New Century Bank opened for business on May 24, 2000 as a North Carolina-chartered banking corporation. On June 17, 2003, the New Century Bank opened an office in Fayetteville, which operated as a branch of New Century Bank until New Century Bank of Fayetteville received its charter on January 2, 2004. At that time, the Fayetteville office was sold to New Century Bank of Fayetteville. On January 22, 2004, New Century Bank opened an office in Goldsboro, North Carolina.
The Banks’ lending activities are oriented to the consumer/retail customer as well as to the small-to-medium sized businesses located in Harnett, Cumberland, Johnston, Sampson, and Wayne counties. The Banks offer the standard complement of commercial, consumer, and mortgage lending products, as well as the ability to structure products to fit specialized needs. The deposit services offered by the Banks include small business and personal checking, savings accounts and certificates of deposit. The Banks concentrate on customer relationships in building their customer deposit base and compete aggressively in the area of transaction accounts.
On July 13, 2005, the Board of Directors of the Company declared a 3-for-2 stock which was payable to shareholders of record as of July 27, 2005. All references to average shares outstanding and net income per share have been adjusted to reflect this stock split.
Comparison of Financial Condition at
June 30, 2005 and December 31, 2004
During the first six months of 2005, total assets grew by $55.8 million from $328.3 million at December 31, 2004 to $384.1 million at June 30, 2005. Earning assets at June 30, 2005 totaled $370.3 million and consisted of $300.6 million in gross loans, $31.7 million in investment securities and $38.0 million in overnight investments and interest-bearing deposits in other banks. Total deposits and shareholders’ equity at June 30, 2005 were $321.5 million and $31.1 million, respectively.
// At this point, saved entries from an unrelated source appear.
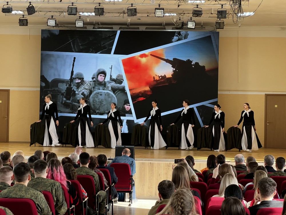 Также на сцену поднялись участник СВО, кавалер Знака отличия ордена Святого Георгия и Георгиевского креста IV степени Дмитрий Агошков, заместитель начальника военного учебного центра, кавалер ордена «За заслуги перед Отечеством» II степени, награжденный медалью «За отвагу и боевые отличия», подполковник Сергей Румянцев, участник боевых действий I Чеченской кампании, старший преподаватель Военного учебного центра Геннадий Пантюхин, участник вооруженного грузинско-абхазского конфликта, кавалер ордена Мужества, полковник запаса, доцент Военного учебного центра Николай Москалец.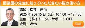 | 2025年10月29日 2026年02月開業医の先生に知っていただきたい脳の使い方セミナー(Web)NEW |
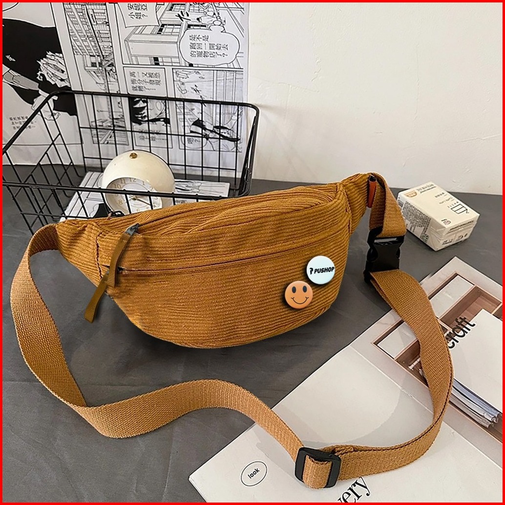Pushop Tas Selempang Pria Corduroy Rowhan - Waistbag Corduroy Cowok Tas Pinggang Uniseks Kasual Polos Free 2 Pin Bros Te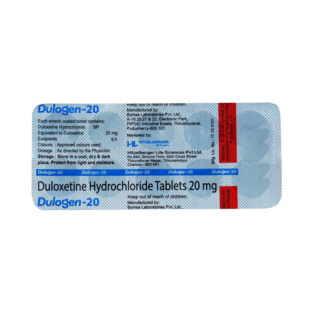 Dulogen 20 Tablet is used in the treatment of depression, anxiety disorder, diabetic nerve pain, fibromyalgia (a condition in which there are generalized pain and tenderness in the body), neuropathic pain, and stress urinary incontinence. Dulogen 20 Tablet works by increasing the level of chemical messengers (serotonin and noradrenaline) in the brain that have a calming effect on the brain and relax the nerves, thus treating your illness. It may be taken with or without food. It is advised to take this medicine at a fixed time each day to maintain a consistent level in the blood. If you miss any doses, take it as soon as you remember. Do not skip any doses and finish the full course of treatment even if you feel better. This medication mustn't be stopped suddenly as it may worsen your symptoms.Some common side effects of this medicine include nausea, headache, decreased libido, abnormal dreams, blurred vision, and dry mouth. It even causes dizziness and sleepiness, so do not drive or do anything that requires mental focus until you know how this medicine affects you. However, these side effects are temporary and usually resolve on their own in some time. Please consult your doctor if these do not subside or bother you.Before taking Dulogen 20 Tablet, inform your doctor if you have any problems with your kidneys, heart, liver, or have a history of seizures (epilepsy or fits). Inform your doctor if you develop any unusual changes in mood or behavior, new or worsening depression, or if you have any suicidal thoughts.

Since the end of 2004, gross loans have grown $37.9 million to $300.6 million as of June 30, 2005. Gross loans as of June 30, 2005 consisted of $69.2 million in commercial and industrial loans, $151.5 million in commercial real estate loans, $17.6 million in consumer loans and $62.3 million in residential real estate and construction loans. As of quarter end, there were no loans held for sale. At June 30,
- 9 -
2005, there were forty-one loans with an aggregate principal balance of $1,581,000 that were 30 days or more past due. This includes twelve loans with an aggregate balance of $443,000 that were more than 90 days past due and on a non-accrual basis. At December 31, 2004, there were twenty-eight loans with an aggregate principal balance of $862,000 that were more than 30 days past due. Three of these loans with a combined balance of $190,000 were in non-accrual status. The allowance for loan losses of $3.6 million represented 1.37% of gross loans outstanding as of December 31, 2004. The allowance for loan losses increased 10 basis points to 1.47% of gross loans at June 30, 2005. Management attributes the increase in the allowance to two factors. First, a slight increase in asset quality indicators, as past dues increased from .33% of total loans as of December 31, 2004 to .54% of total loans at June 30, 2005. Secondly, management has implemented an internal credit review department and that has led to a better identification of risk within the Banks’ commercial loans rated “Acceptable”. Management believes that the allowance for loan losses as of June 30, 2005 is adequate to absorb probable losses inherent in the loan portfolio as of that date.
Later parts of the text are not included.